BEGIN Data provided

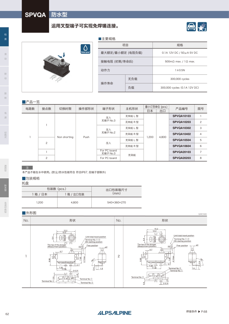 防水型(叉型端子) ・ 最大额定值:0.1A 12V DC ・ 动作力:1±0.5N ・ 操作寿命(无负载):300000 cycles ・ 防水及防尘型:IP67。
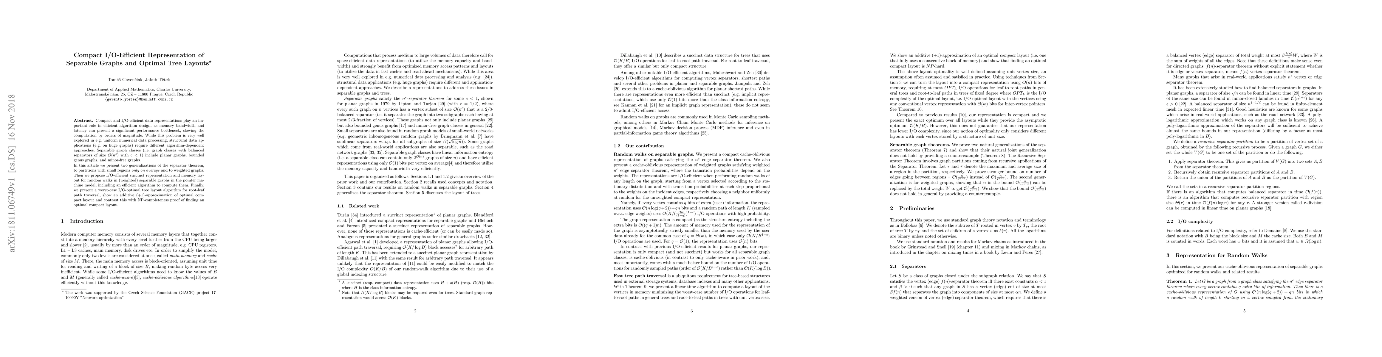 This paper presents I/O-efficient data representations for separable graphs, including a generalized separator theorem and a succinct representation for random walks in these graphs. It also introduces an I/O-optimal tree layout algorithm for root-leaf path traversal, contrasting it with the NP-completeness of finding an optimal layout.
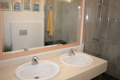 1 full bathroom with washbasin and shower
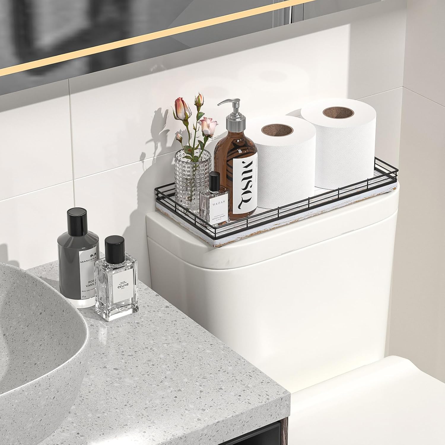 - Unique Charm: This 13 inches large wood rectangle toilet tank tray ensures durability and increased load-bearing capacity; Elevate your space with a unique appearance featuring a combination of iron mesh edges and farmhouse white wood board; Distinctive and captivating grain pattern adds an exquisite touch of elegance and sophistication; This bathroom toilet organizer tray blends modern minimalism with farmhouse charm seamlessly
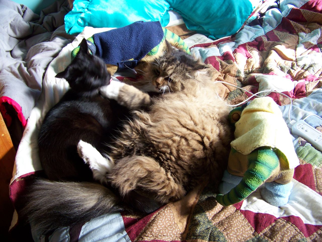 Lucky, Mischief, Lilo and Stitch all curled up for a snooze together (although Mischief and Lucky decided there wasn't enough room for the two of them
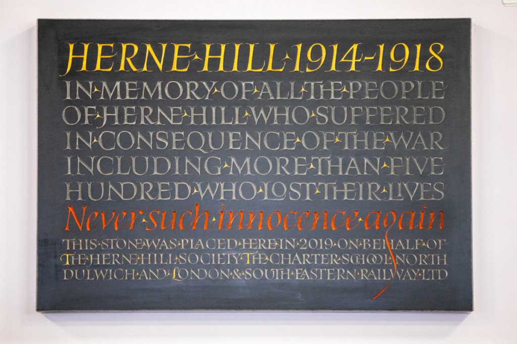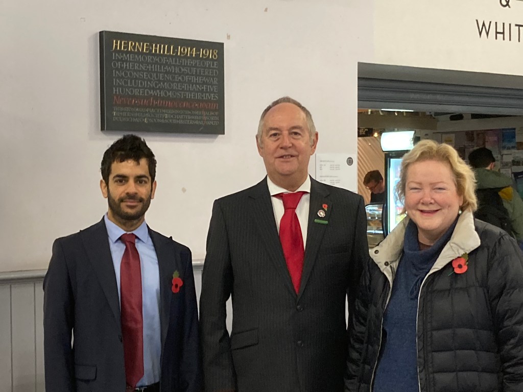 On Sunday 12 November I laid a wreath on behalf of the Herne Hill Society at our First World War memorial in Herne Hill Station. There was a respectable turnout of 25, including our Chair, Rebecca Tee and two Lambeth councillors. I sometimes have to explain that – at least in our case – it is not religious or political event that seeks to glorify war, or turn soldiers, whether conscripted or volunteers, into martyrs. Words such as king, motherland, God, sacrifice, democracy, duty and freedom are all absent from the memorial stone. It marks the death of over 550 local people, as well as the misery the war inflicted on the survivors, not least those of German origin or with German-sounding names who were verbally or physically attacked.
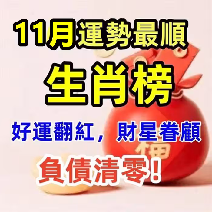 11月運勢最順生肖榜,好運翻紅,財星眷顧,負債清零!
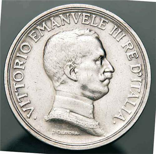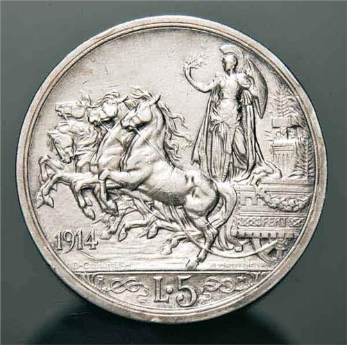 Regno d'Italia - Vittorio Emanuele III (1900-1946) - 5 Lire Quadriga Briosas 1914 - Metallo: Ag - Zecca: Roma - Diritto: effigie del Re a destra - Rovescio: l'Italia elmata con scudo e ramo d'ulivo ritta su quadriga briosa a sinistra - Qualche colpetto ai bordi
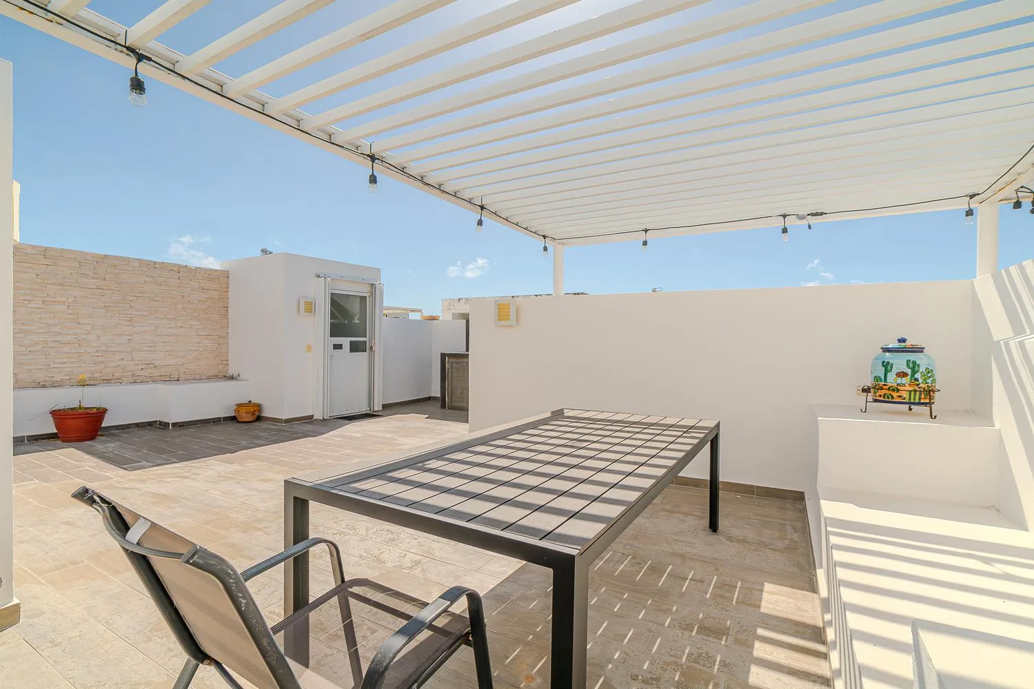This fully furnished two-bedroom penthouse is located on the third floor of Condominium Pelicanos. It offers 104 square meters of interior space complemented by a 43-square-meter rooftop terrace ideal for relaxation and entertaining.
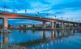 Magic view of Cambie bridge at night, Downtown of Vancouver, Canada.
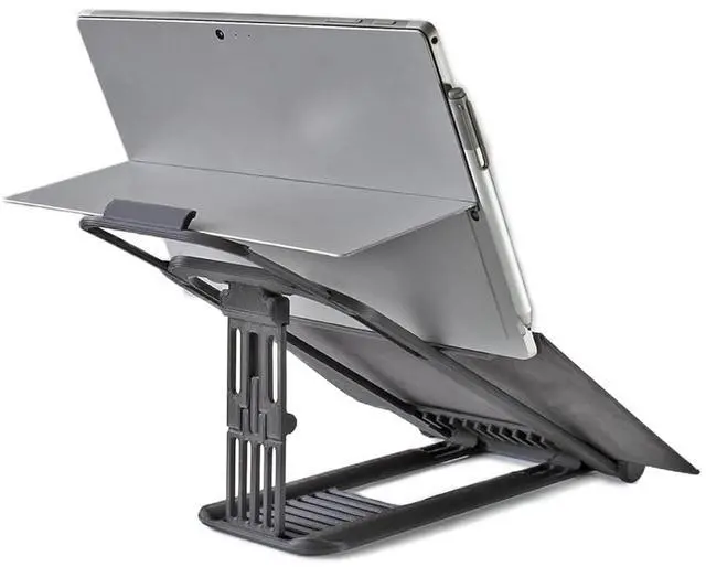Everything was designed for more traditional laptops. So we designed and manufactured the ideal stand to meet our needs, refining it over dozens of design iterations. Even with a pro desktop set-up with remote monitors and a docking station this must have Surface Pro accessory will lift your game. ADJUSTABLE - Not everyone needs or wants the same screen height, so we've make the Surface Pro Laptop Stand ergonomic and easily adjustable in seconds to suit the space you are in with 16 adjustable positions and a variety of screen angles. COMPACT - It folds down neatly into the same space as your Surface, making it ideally suited for carrying with your Surface.

END Data provided

Try it. Please retype the lines from the one that contains "On Sunday 12" to the final line of the records, both included, exactly as written and without any pictures.

Exercise response.
 On Sunday 12 November I laid a wreath on behalf of the Herne Hill Society at our First World War memorial in Herne Hill Station. There was a respectable turnout of 25, including our Chair, Rebecca Tee and two Lambeth councillors. I sometimes have to explain that – at least in our case – it is not religious or political event that seeks to glorify war, or turn soldiers, whether conscripted or volunteers, into martyrs. Words such as king, motherland, God, sacrifice, democracy, duty and freedom are all absent from the memorial stone. It marks the death of over 550 local people, as well as the misery the war inflicted on the survivors, not least those of German origin or with German-sounding names who were verbally or physically attacked.
 11月運勢最順生肖榜,好運翻紅,財星眷顧,負債清零!
 Regno d'Italia - Vittorio Emanuele III (1900-1946) - 5 Lire Quadriga Briosas 1914 - Metallo: Ag - Zecca: Roma - Diritto: effigie del Re a destra - Rovescio: l'Italia elmata con scudo e ramo d'ulivo ritta su quadriga briosa a sinistra - Qualche colpetto ai bordi
This fully furnished two-bedroom penthouse is located on the third floor of Condominium Pelicanos. It offers 104 square meters of interior space complemented by a 43-square-meter rooftop terrace ideal for relaxation and entertaining.
 Magic view of Cambie bridge at night, Downtown of Vancouver, Canada.
Everything was designed for more traditional laptops. So we designed and manufactured the ideal stand to meet our needs, refining it over dozens of design iterations. Even with a pro desktop set-up with remote monitors and a docking station this must have Surface Pro accessory will lift your game. ADJUSTABLE - Not everyone needs or wants the same screen height, so we've make the Surface Pro Laptop Stand ergonomic and easily adjustable in seconds to suit the space you are in with 16 adjustable positions and a variety of screen angles. COMPACT - It folds down neatly into the same space as your Surface, making it ideally suited for carrying with your Surface.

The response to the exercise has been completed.